Однако какое бы удовольствие я ни получал, наблюдая, как с детективов Лопеса и Трентино спадает все их самодовольство, отрицать весомость собранных ими улик не приходилось. Все складывалось хуже, чем я ожидал.
Я появился на месте преступления по причине, само существование которой доказать не мог. Удар первый. Орудие убийства принадлежало мне. Удар второй. И мотив преступления. Откуда он взялся? Из библиотеки моей же квартиры. Нам наконец стало ясно, что означали указанные в списке изъятого «Различные документы».
Собственно, документ был один — отпечатанное на машинке и подписанное письмо, которое Конрад Берч, по всей видимости, прислал около месяца назад. Когда Хеммерсон выложил передо мной на стол копию этого документа, я мысленно воспроизвел события вечера, проведенного мной в обществе Таинственной пациентки. Шутя и улыбаясь, она подкинула мне письмо. И нанесла третий удар.

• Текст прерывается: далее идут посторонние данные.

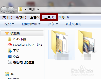 若是发现文件夹只是颜色变淡并没有彻底消逝不见怎么办呢?不要焦急,随便打开另一个文件夹,点击该文件夹菜单栏上的【东西】。

Я прочитал письмо. Виктор, Терри и Паркер, столпившись за моей спиной, тоже прочитали его. Два коротких абзаца. Конрад Берч извещал меня, что ему не нравится избранный мной способ лечения. Некая банковская ошибка не позволяет ему перевести мне деньги сию же минуту. Впрочем, подчеркивал он, ничего страшного не случилось. Скоро все будет улажено. А до этого времени мне придется потерпеть.
— Можете вы объяснить нам, доктор Ремлер, о чем, собственно, идет речь в этом письме? — осведомился Хеммерсон.